Jakarta, Emiten.org - Indeks Harga Saham Gabungan (IHSG) membuka perdagangan Senin, 10 Agustus 2026 dengan penguatan. Berdasarkan data pembukaan, IHSG dibuka menguat 0,48% ke level 6.440,60, melanjutkan momentum positif setelah pada akhir pekan lalu indeks ditutup di level 6.409,65.
Pada sesi perdagangan berjalan, indeks sempat menyentuh level tertinggi 6.462,74 sebelum sedikit terkoreksi. Hingga pukul 10.39 WIB, IHSG berada di level 6.423,88 atau naik 0,22% setara +14,22 poin dibanding penutupan sebelumnya. Level terendah tercatat di 6.421,28.
Penguatan pagi ini turut diikuti oleh mayoritas indeks unggulan. LQ45 menguat 0,34% ke 642,45, IDX30 naik 0,33% ke 360,57, JII menguat 0,54% ke 389,51, dan KOMPAS100 naik 0,44% ke 848,54.
Data Tenaga Kerja AS Dorong Optimisme
Salah satu katalis utama penguatan kali ini datang dari Amerika Serikat. Data Non-Farm Payrolls (NFP) Juli 2026 menunjukkan berkurangnya sekitar 23.000 lapangan kerja, jauh di bawah ekspektasi pasar. Angka tersebut memperkuat pandangan bahwa The Fed tidak memiliki urgensi untuk kembali menaikkan suku bunga dalam waktu dekat.
Perubahan ekspektasi suku bunga ini berdampak langsung pada aliran dana ke aset berisiko. Indeks dolar AS bertahan di angka 99,6, mendekati level terendahnya sejak 2 Juni 2026. Pelemahan dolar umumnya menjadi angin segar bagi mata uang dan pasar saham negara berkembang, termasuk Indonesia. Kondisi tersebut diperkuat oleh harga emas yang masih bertahan kuat serta koreksi harga minyak yang meredakan tekanan inflasi.
Rupiah ikut menguat. Berdasarkan data Bloomberg pada pukul 09.05 WIB di pasar spot, rupiah dibuka menguat 87 poin (0,49%) ke level Rp17.810 per dolar AS, setelah pada Jumat (7/8/2026) ditutup melemah 34 poin ke Rp17.897 per dolar AS.
Pekan Wait and See Jelang Data Inflasi AS
Meski berawal positif, pergerakan IHSG pada pekan 10-14 Agustus 2026 diproyeksikan berada dalam fase wait and see.

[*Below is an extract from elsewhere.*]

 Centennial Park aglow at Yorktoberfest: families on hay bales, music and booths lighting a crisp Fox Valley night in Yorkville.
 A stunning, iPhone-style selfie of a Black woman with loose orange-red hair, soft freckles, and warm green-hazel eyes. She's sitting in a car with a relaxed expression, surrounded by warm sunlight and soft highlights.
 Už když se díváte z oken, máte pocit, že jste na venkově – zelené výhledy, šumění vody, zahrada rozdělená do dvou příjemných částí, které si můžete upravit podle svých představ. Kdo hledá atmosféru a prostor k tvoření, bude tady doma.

Equity Analyst PT Indo Premier Sekuritas, David Kurniawan, menyebut perhatian utama pelaku pasar tertuju pada rilis indikator inflasi kunci AS, yakni Consumer Price Index (CPI) dan Producer Price Index (PPI), serta data penjualan ritel.
"Rangkaian data ini menjadi krusial karena akan memberikan sinyal yang lebih terang mengenai arah kebijakan moneter The Fed selanjutnya, apakah tekanan inflasi sudah benar-benar mendingin untuk memberi ruang bagi pelonggaran suku bunga atau justru masih cukup tangguh untuk mempertahankan narasi suku bunga tinggi lebih lama," ujarnya.

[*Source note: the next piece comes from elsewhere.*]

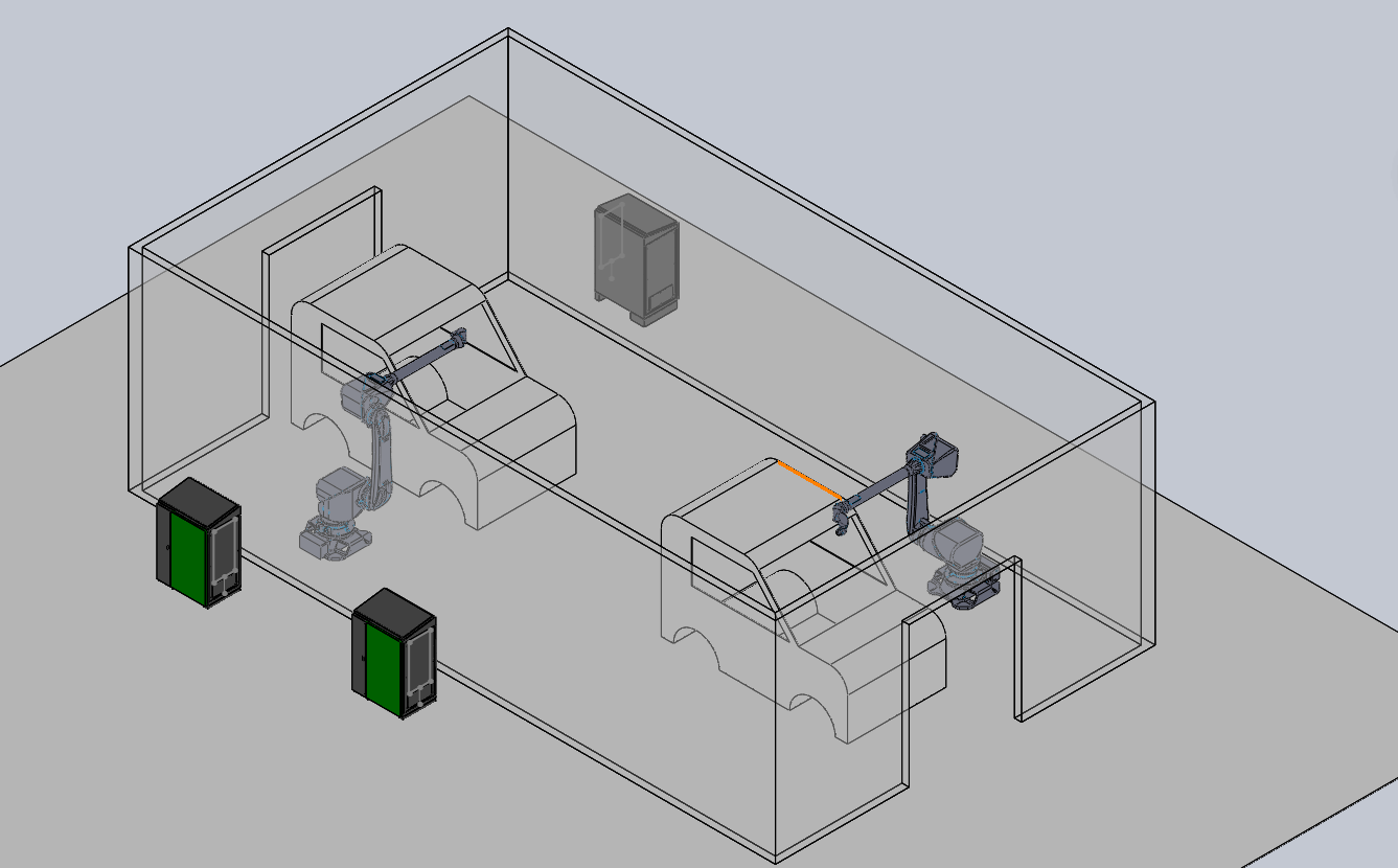 對機器人噴漆設備系統配備主電源控制,有效地對過電流、短路、過載、缺相等故障進行保護。對烘爐的控制加熱和自動恒溫控制,超溫、熱風循環風機故障時,自動關閉加熱裝置。發出聲光報警。對輸送的控制,采用變頻無級變速,具有運行平穩、安全可靠、無抖動爬行現象。在噴漆室內、外設有急停開關,并設有開線、停線報警裝置。整套系統配有安全保護裝置,并發出聲光報警。對噴涂機器人的控制,人工選定產品型號后發送信號到機器人控制柜,期間與噴房、輸送等各個信號間進行互鎖;PLC調用相關的噴涂軌跡完成噴涂作業。

Dari dalam negeri, pelaku pasar juga akan mencermati Indeks Keyakinan Konsumen, data penjualan ritel, serta penjualan sepeda motor dan mobil. Selain itu, investor menantikan hasil rebalancing indeks MSCI yang dijadwalkan pada 12 Agustus 2026. Secara historis, periode menjelang rebalancing kerap memicu peningkatan volume transaksi pada saham-saham tertentu.

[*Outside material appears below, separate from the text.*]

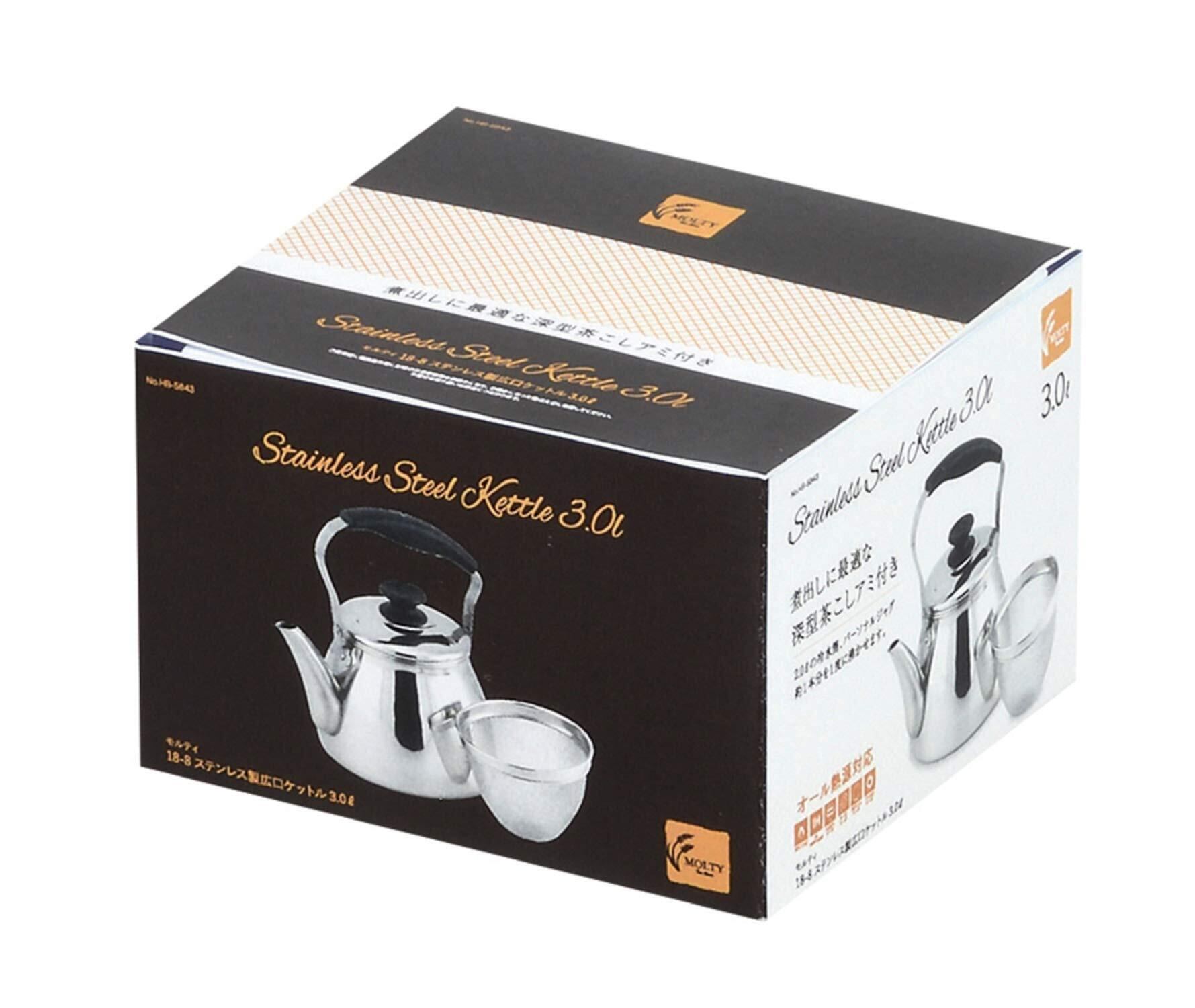 ○お茶の煮出しに便利な、深型の茶こしアミが付いたステンレス製ケトル(やかん)です。 ○広口なので中まで洗えて衛生的です。2Lの冷水筒、パーソナルジャグ2本分を1度に沸かせる、大容量モデルのケトルです。 ○ガス火はもちろん、200VのIHクッキングヒーターやハロゲンヒーターなどオール熱源に対応しています。

Pada pekan sebelumnya, IHSG mencatat penguatan sekitar 2,78% ke level 6.409 dengan kapitalisasi pasar yang kembali meningkat. Momentum ini menjadi modal penting bagi indeks untuk melanjutkan tren penguatan, meskipun tekanan dari ketidakpastian global tetap perlu diwaspadai.